The cryptek swept its staff over the assembled necrons, and emerald energies boiled over them. Even with the reanimator destroyed, their wounds began to close faster. Damage that should have felled them instead sealed and allowed them to fight on. Allectius put his power sword through the chest of one and kicked it off the spire’s dais, only for it to rise and spear at him with the blade on its gauss weapon. The sharp tip scraped from his armour. Another blast of plasma roared from the necron technomancer’s staff, obliterating a nearby Bladeguard with contemptuous ease.

‘Demolitions team!’ snapped the lieutenant into the vox.

‘We are ready, brother!’ came the reply after a strained moment. ‘Brace for detonation!’

Allectius and his brethren steadied themselves as instructed. For one brief second the world was divided into black and white, hot air washing over them in a rush. The necrons, not forewarned, stumbled or fell as the ground trembled.

‘That is impossible,’ said one of the brothers on the vox, sounding shaken in a way that Space Marines rarely were.

The laughter of the cryptek pealed over the battlefield as Allectius dared a look back. The ground around the base of the spire had been reduced to molten lava, glowing red-hot. The shaped blasts had ballooned outward, carving a crater out all around and revealing the structure sunk deep into the planet. Yet the blackstone obelisk itself was untouched. The melta bombs had done nothing to it.

‘Emperor on the Throne,’ breathed the lieutenant. Space Marines were still dying all around him.
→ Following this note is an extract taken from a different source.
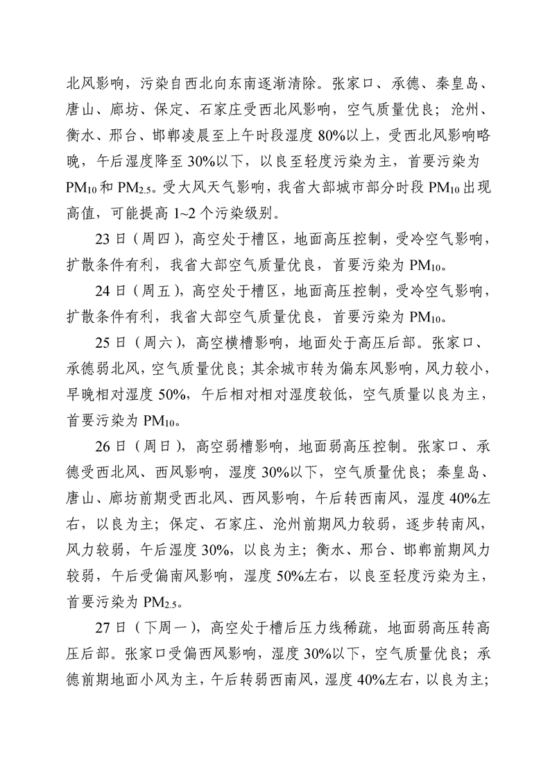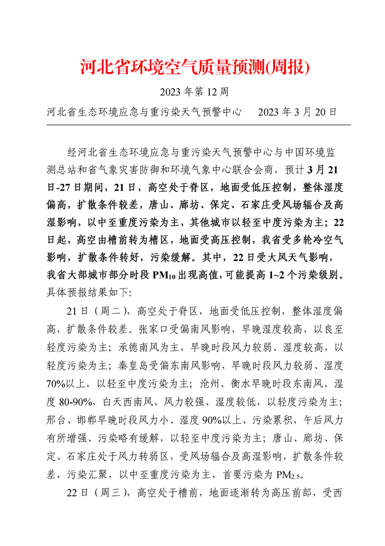 河北省空气质量预测报告(周报)2023年第12周
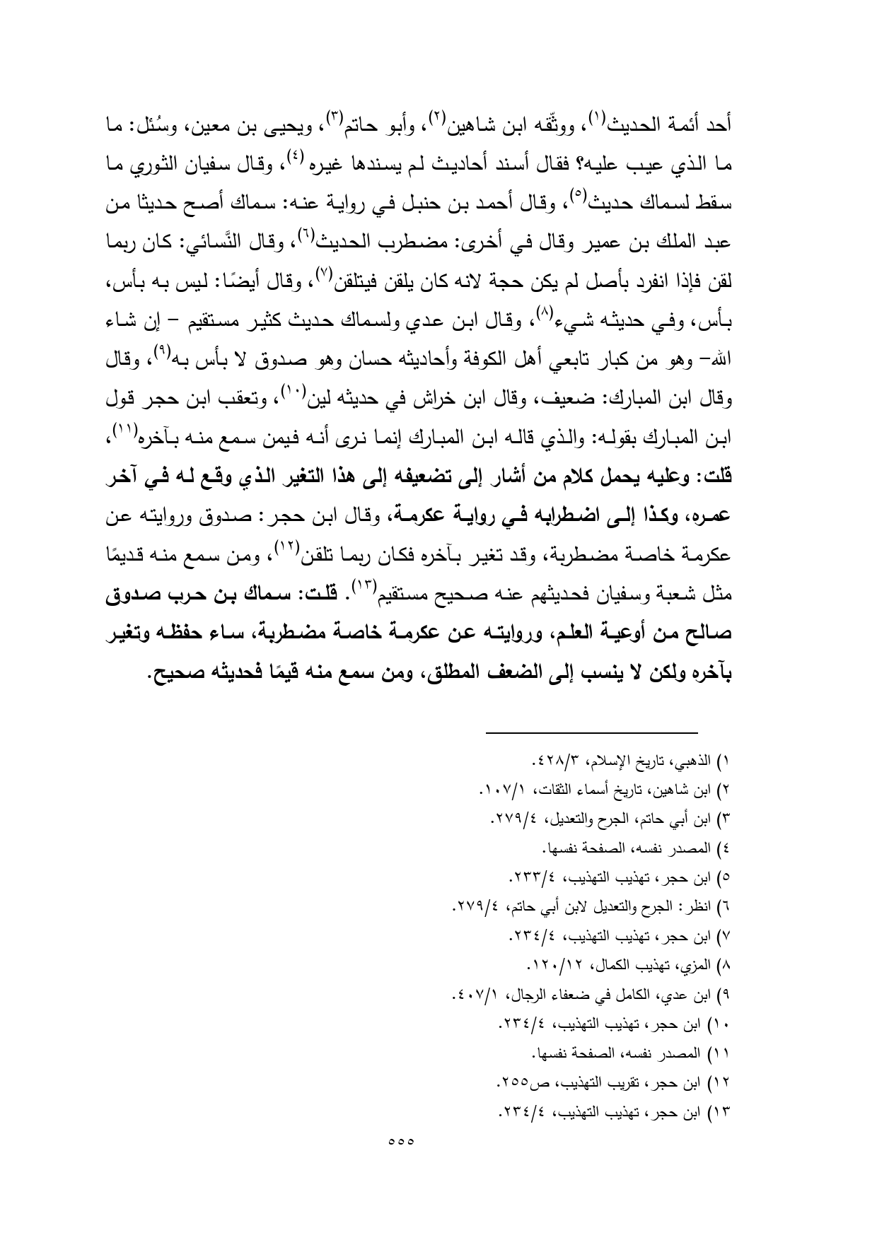 أحد أئمة الحديث (¬1)، ووثّقه ابن شاهين (¬2)، وأبو حاتم (¬3)، ويحيى بن معين، وسُئل: ما الذي عيب عليه؟ فقال أسند أحاديث لم يسندها غيره (¬4)، وقال سفيان الثوري ما سقط لسماك حديث (¬5)، وقال أحمد بن حنبل في رواية عنه: سماك أصح حديثا من عبد الملك بن عمير وقال في أخرى: مضطرب الحديث (¬6)، وقال النَّسائي: كان ربما لقن فإذا انفرد بأصل لم يكن حجة لانه كان يلقن فيتلقن (¬7)، وقال أيضًا: ليس به بأس، وفي حديثه شيء (¬8)، وقال ابن عدي ولسماك حديث كثير مستقيم - إن شاء الله- وهو من كبار تابعي أهل الكوفة وأحاديثه حسان وهو صدوق لا بأس به (¬9)، وقال ابن المبارك: ضعيف، وقال ابن خراش في حديثه لين (¬10)، وتعقب ابن حجر قول ابن المبارك بقوله: والذي قاله ابن المبارك إنما نرى أنه فيمن سمع منه بآخره (¬11)، قلت: وعليه يحمل كلام من أشار إلى تضعيفه إلى هذا التغير الذي وقع له في آخر عمره، وكذا إلى اضطرابه في رواية عكرمة، وقال ابن حجر: صدوق وروايته عن عكرمة خاصة مضطربة، وقد تغير بآخره فكان ربما تلقن (¬12)، ومن سمع منه قديمًا مثل شعبة وسفيان فحديثهم عنه صحيح مستقيم (¬13). قلت: سماك بن حرب صدوق صالح من أوعية العلم، وروايته عن عكرمة خاصة مضطربة، ساء حفظه وتغير بآخره ولكن لا ينسب إلى الضعف المطلق، ومن سمع منه قيمًا فحديثه صحيح.

Their numbers were thinning fast. Calvus tried to drag a wounded Intercessor back to treat his wounds, and received half a dozen gauss blasts for his trouble. They tore him apart in the blink of an eye. Great swathes of his armour evaporated under the first beams, leaving him vulnerable to the next few that devoured huge chunks of his body.

Those who remained were desperately fighting for their lives.

‘Ship-captain,’ Allectius said fiercely into the vox.

He parried the sweeps of one of the blade-armed thralls. It followed up with a blast of energy from its eye which he caught on his shield before riposting right through the orb, destroying its head.

‘I see you, my lord,’ came the despairing reply of the serf leader on their strike cruiser.

‘If we could drop the quantum shielding–’ he began.

Damasippa cut him off, a startling breach at any other time. ‘To drop it fully you would need to be able to search the area for what is powering it, and destroy it. There is no time or…’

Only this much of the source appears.